Integrating Alpie: Notes from Wiring a Reasoning Model into a Forensic Product
We integrated Alpie's alpie-32b reasoning model to power token narrative summaries on Intel Maps.
Here's the integration writeup — the production gotchas, the cost shape, and where reasoning models
actually earn their compute in a forensic stack.
Most "AI" features in crypto products are an OpenAI key, a system prompt, and a thin wrapper. We tried that first. It was fine, the way a microwave dinner is fine. The summaries it produced were structurally correct — "this token has X holders, the top cluster controls Y percent, here are the relevant infrastructure addresses" — and structurally generic. They read like the same model writing about every token, because they were.
The interesting thing happened when we swapped the backend to Alpie's
alpie-32b, a reasoning model exposed via an OpenAI-compatible endpoint at
api.169pi.com/v1. The output got tangibly better at the kind of synthesis we care about: noticing
that two surface metrics contradicted each other, weighing the relative importance of cluster size vs. KOL
overlay, flagging the one anomaly in an otherwise clean read. That is what reasoning models are supposed to do,
and on a forensic dataset they actually do it.
This is the writeup of what the integration looked like end to end — what worked, what broke in production, and where a reasoning model earns its (meaningfully larger) compute cost.
Why we tried it
Three reasons, in honest order:
- Cost. The pricing was meaningfully lower per million output tokens than the equivalent-tier OpenAI or Anthropic model. For a feature that runs on every token-detail view in our app, the unit economics matter.
- OpenAI compatibility. The endpoint is drop-in for any client that speaks the OpenAI chat-completions schema. Migration was a single environment variable swap and a model-name change, not a rewrite.

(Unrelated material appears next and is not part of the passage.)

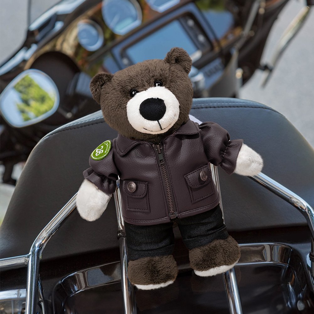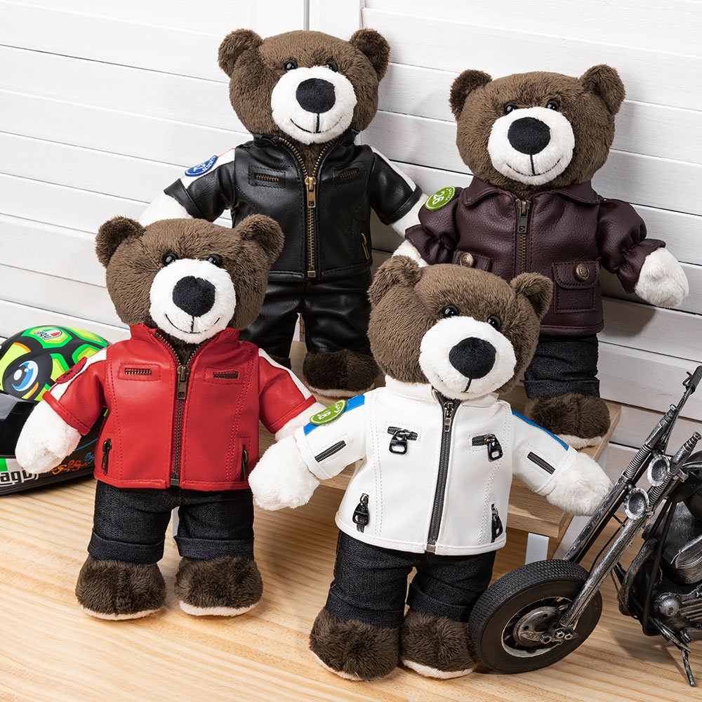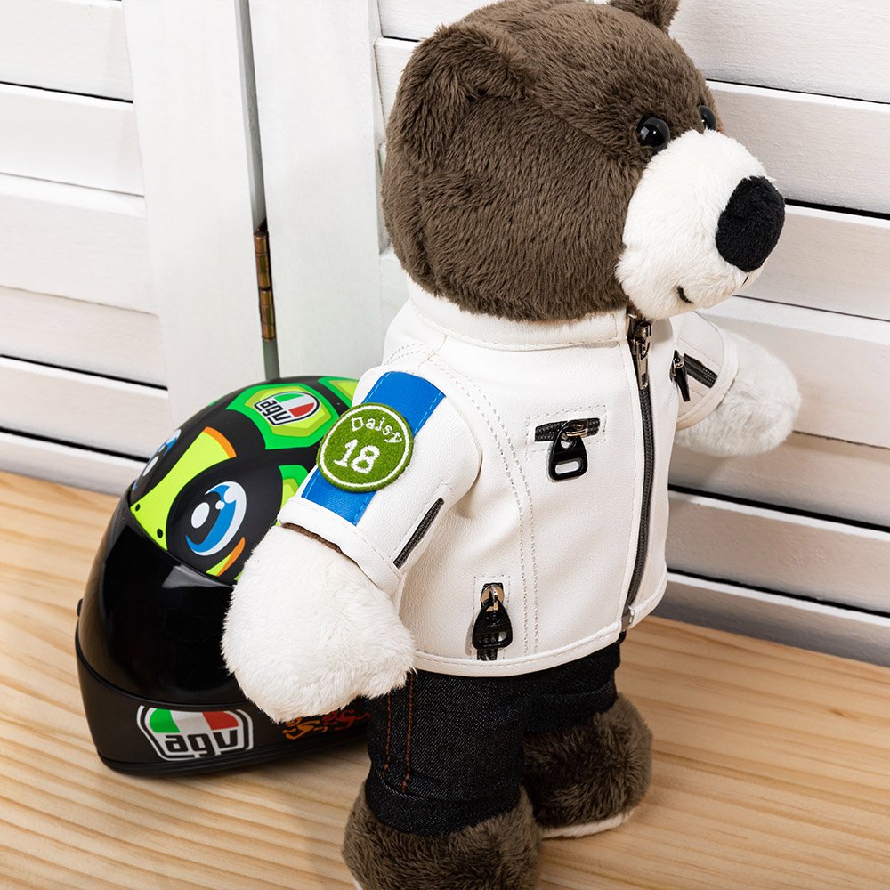 The teddy bear is dressed in a cool leather jacket and with 14 helmet styles. The personalized embroidery on the badge adds a personal touch, allowing you to customize the text on the jacket with the recipient's name and number.

- It is genuinely a reasoning model. The output quality on multi-step synthesis tasks is in a different category from a non-reasoning model of similar nominal size, and the use case — "given these forensic signals, write the verdict" — is exactly the synthesis problem reasoning models solve.
The integration, in code
The full wiring is roughly thirty lines. Anyone who has integrated an OpenAI-compatible endpoint before will recognize the shape:
import httpx, os
client = httpx.Client(
base_url=os.environ.get("ALPIE_BASE_URL", "https://api.169pi.com/v1"),
headers={"Authorization": f"Bearer {os.environ['ALPIE_API_KEY']}"},
timeout=60.0, # important — see gotchas
)
def summarize_token(token_data: dict) -> str:
resp = client.post("/chat/completions", json={
"model": "alpie-32b",
"messages": [
{"role": "system", "content": SYSTEM_PROMPT},
{"role": "user", "content": render_token_brief(token_data)},
],
"max_tokens": 1600, # also important
"temperature": 0.4,
})
resp.raise_for_status()
return resp.json()["choices"][0]["message"]["content"]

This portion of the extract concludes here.